2023—Snail Kite Hunting

We’re back at Lake Kissimmee in Florida to hunt for Snail Kites, particularly those Snail Kites that are hunting for Apple Snails. These Snail Kites are listed as endangered. Their food, native Apple Snails, is being challenged by an invasive Apple Snail from South America. We were told that in recent years, the Snail Kites’ beaks have begun to evolve to enable them to eat the much larger invasive species. But, ironically, the invasive Apple Snail is endangering the aquatic ecosystem where the Snail Kite lives. For now, however, the numbers of Snail Kites are reportedly increasing.
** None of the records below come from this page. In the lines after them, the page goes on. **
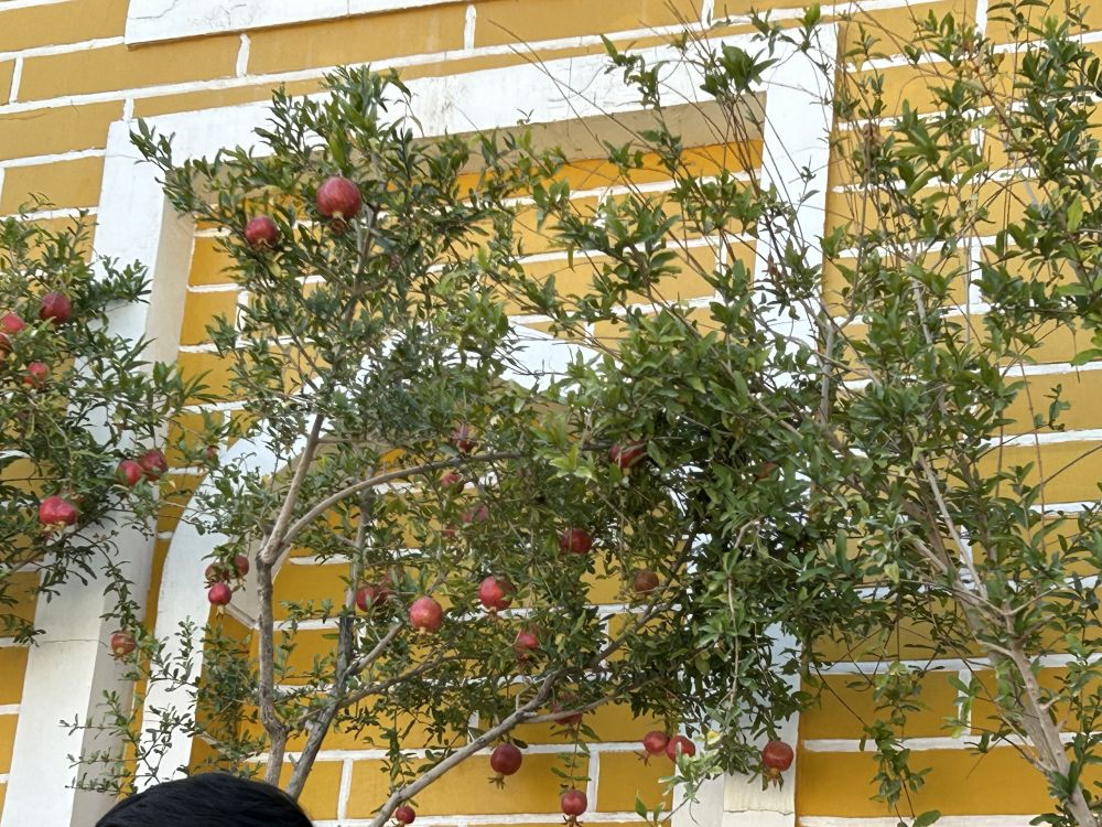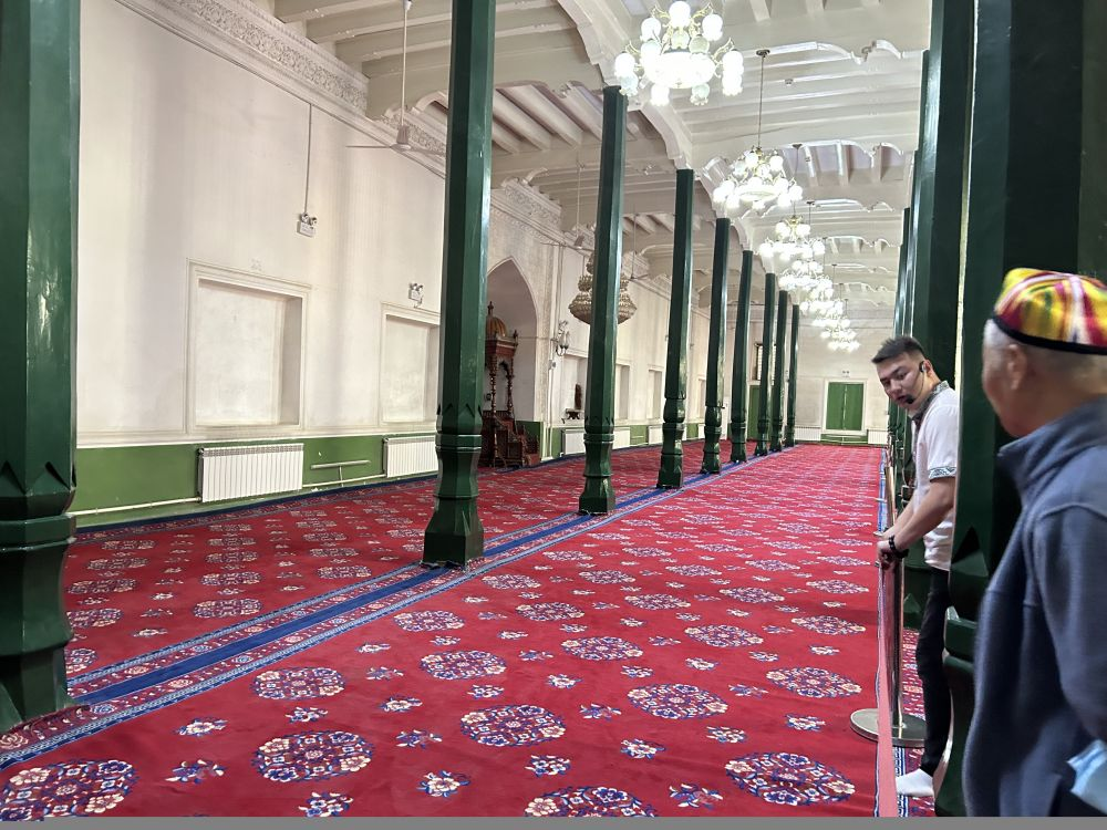 时间到了。登上几节弧形大台阶,门旁的石榴树结满了红色的果子,这是喀什有名的地产。进门是个接待大厅,买好票,随游客从左边进入院中,大门的正对面是大礼拜堂,左右两侧是厢房,墙上的绿色木窗搭满棂格,跟中原风格有同曲同工之妙。院子巨大,院中又有两个召唤塔分别而立,是呼唤教徒做礼拜的地方,提醒人们自省。大殿为长方形平顶,外有长廊,铺着地毯,天热时人们可以在这廊上做礼拜。按规矩,凡是进入大殿都要脱鞋,游客们纷纷脱下鞋,放在旁边的鞋架上。
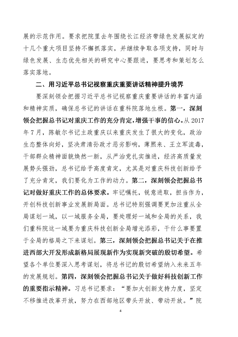 动员部署-党委书记何平在全院学习贯彻习近平总书记视察重庆重要讲话精神动员会上的讲话(摘要2019.5.9)
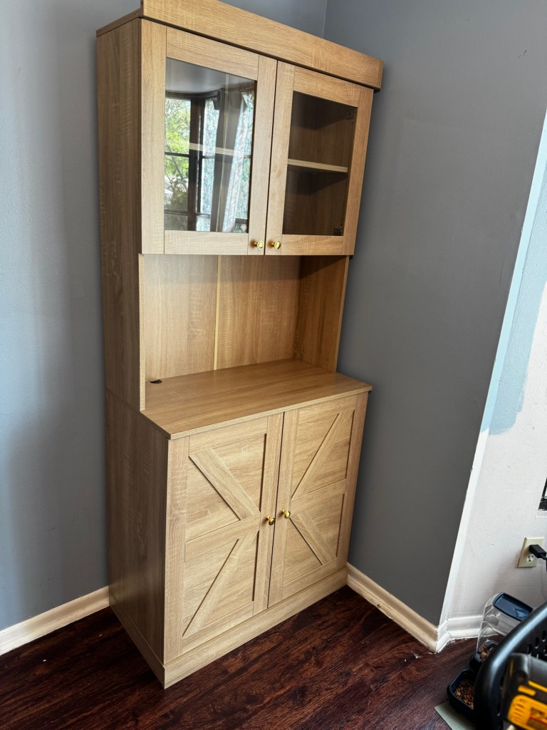 We also got these standing pantries for the dining room because our only pantry closet is so small that it would barely fit a pair of shoes because it’s not deep at all. So we got a set of three mix and match pantries from Amazon and they’re so cute, I love them.
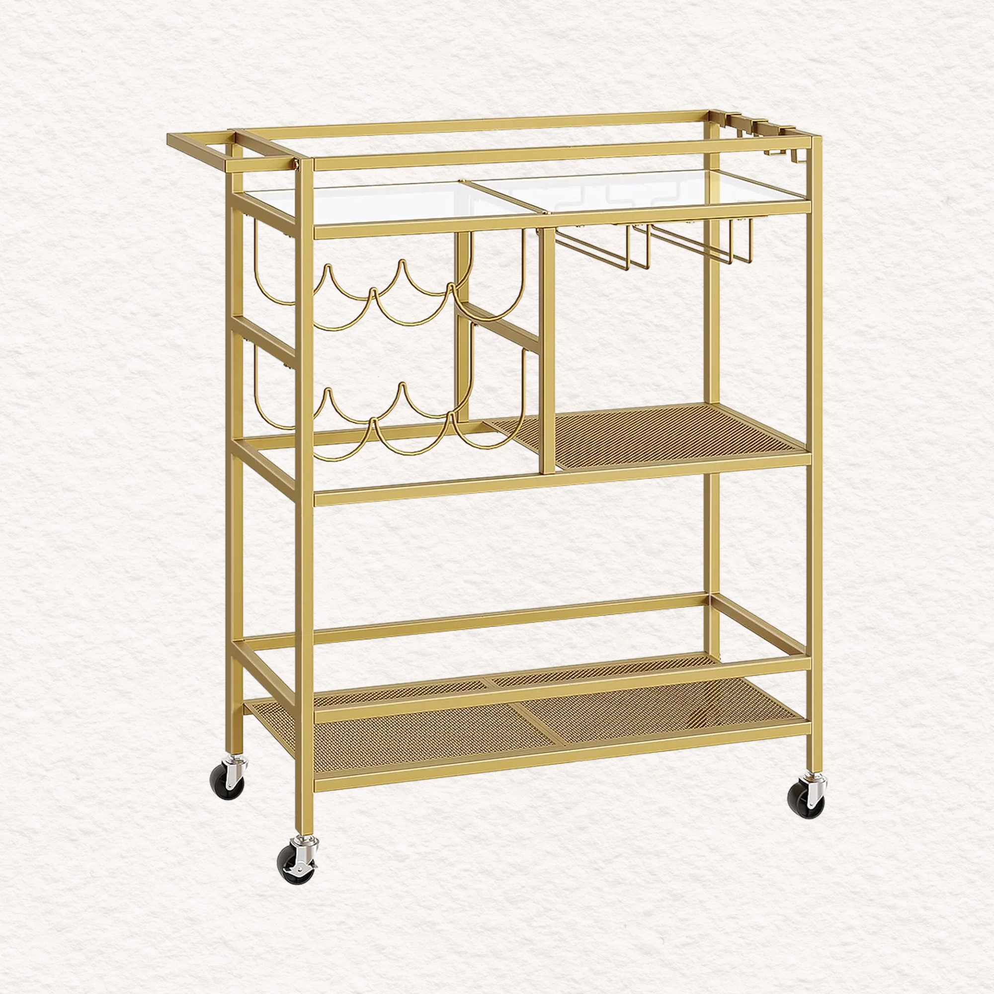 A stylish three-tier rolling bar cart with wine rack and glass holders. Functional, elegant, and perfect for creating a dedicated Valentine’s cocktail station.
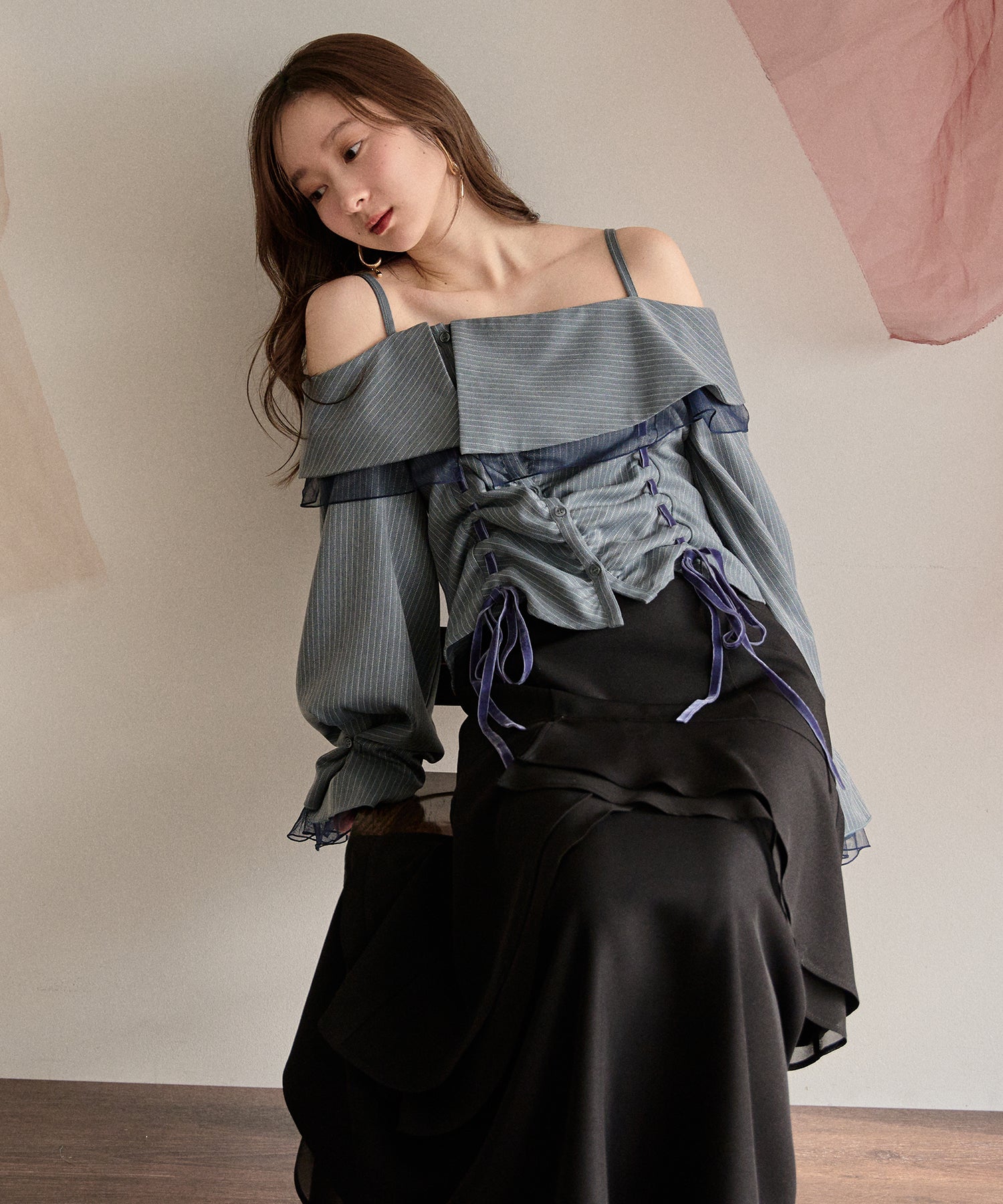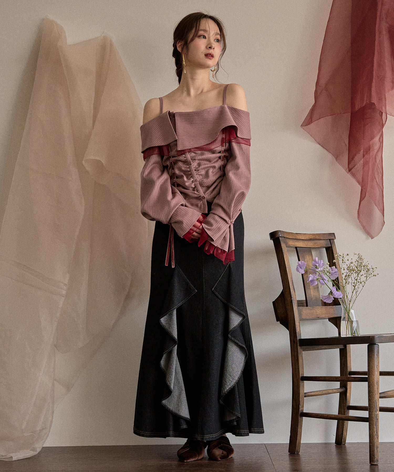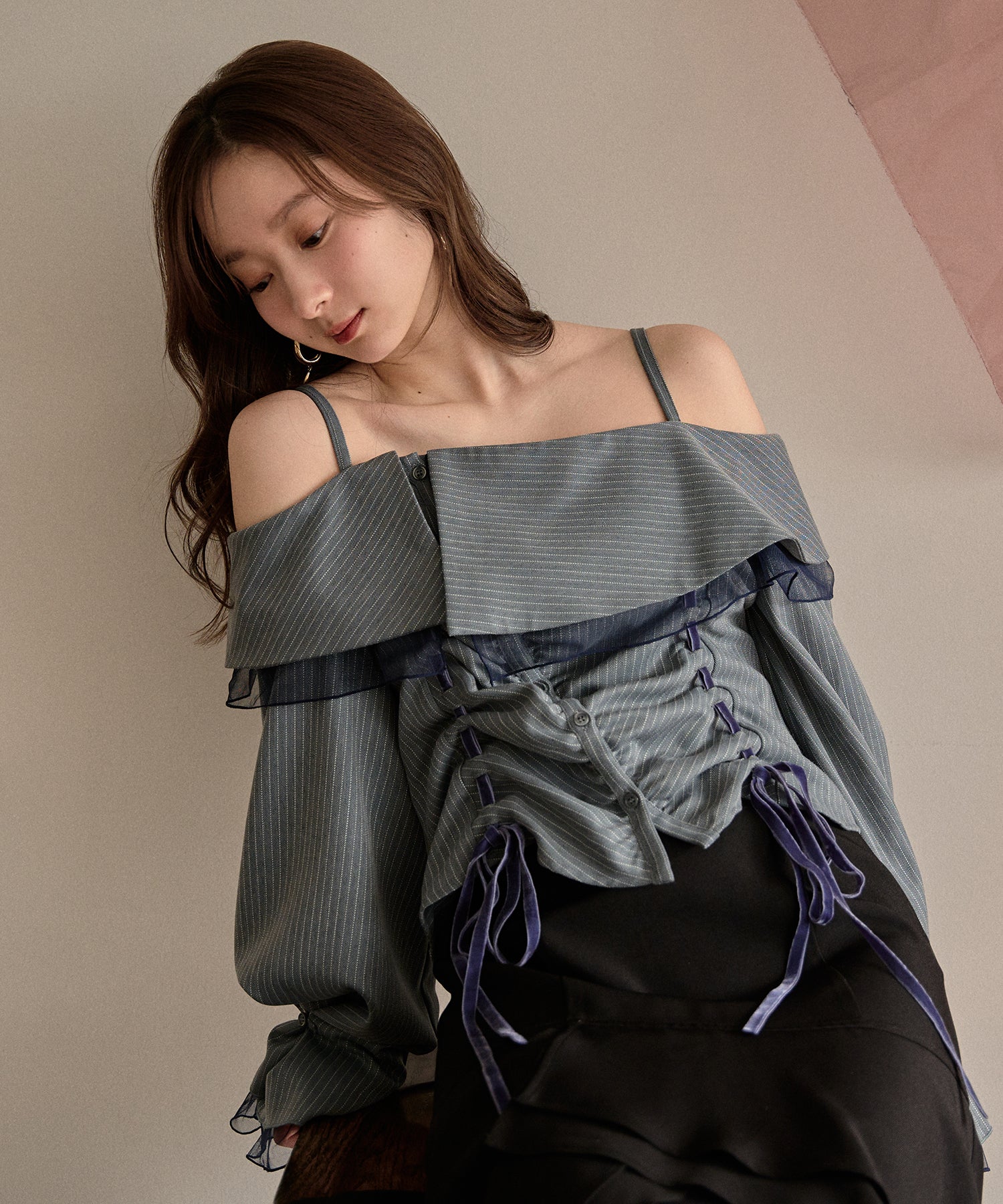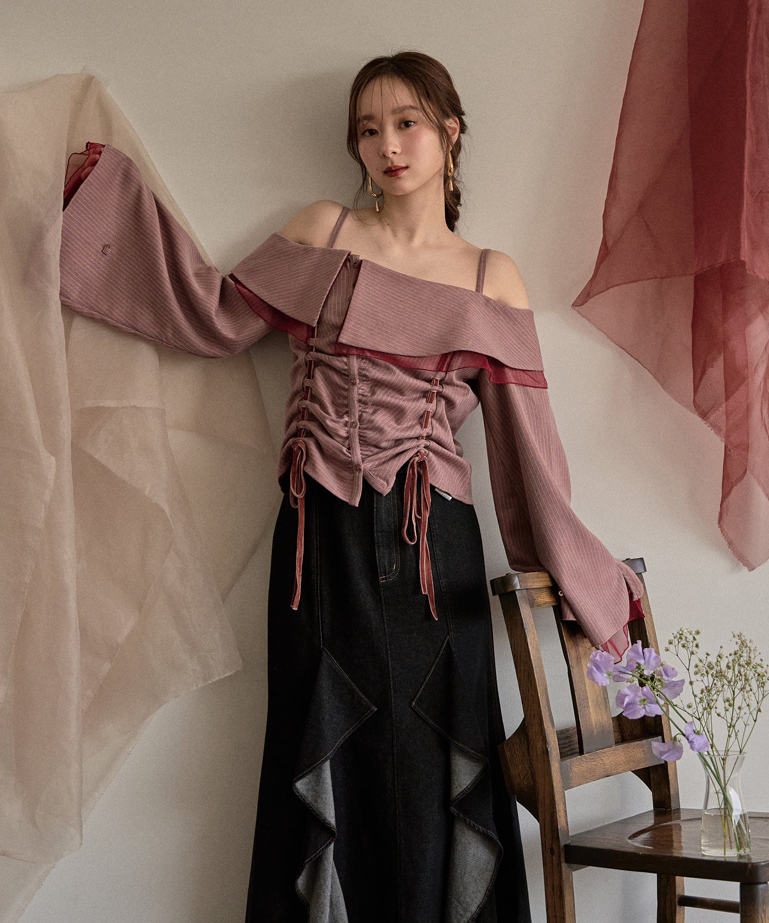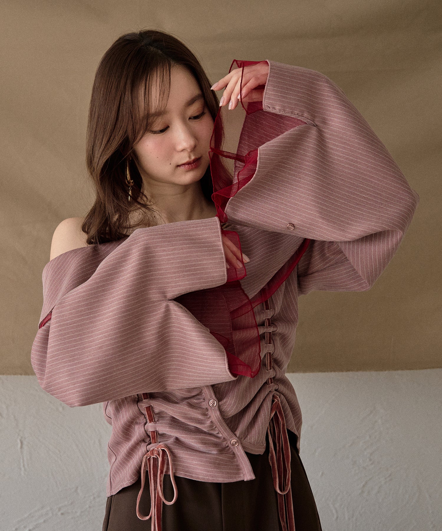 frill offshoulder stitch ribbon tops / フリルオフショルダーステッチリボントップス
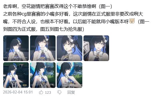 有的说什么剧情太公式写的还难看,还有的说什么发糖太尴尬好感度还不够,部分赛琳娜厨则在抗议官方把剧情里角色的嘴型给改了,把她那个小嘴变成了咧大嘴,破坏了文学少女的氛围看着挺别扭的
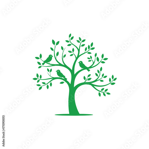 Tree with green leaves vector, Green Tree Silhouette with Birds on Branches

Our airboat captain, Mark, is intimately familiar with the lake and its inhabitants, including the Snail Kites that live there. Yesterday was our first day on the Lake and the Snail Kites have learned that when the Mark’s airboat passes through certain areas of the shallows, it stirs up the sediment and helps them find the native Apple Snails. We benefited from this discovery and saw at least seven individual Snail Kites, both male and female on our first day here. We watched them hover in search of snails, then plunge feet first into the shallow edges of the swampy part of the lake and grab a snail in their talons. It was fascinating to watch them fly off with the snail in one talon, then transfer the snail to their beaks to enable them to land on the dried twigs of a swaying dead or leafless bush growing in a tussock (a floating island) where they proceeded to extricate the snail from its shell with their uniquely curved bill, consume it, and drop the shell to the tussock floor beneath them. This banded male hovered near our airboat watching intently for a snail that the boat might have uncovered.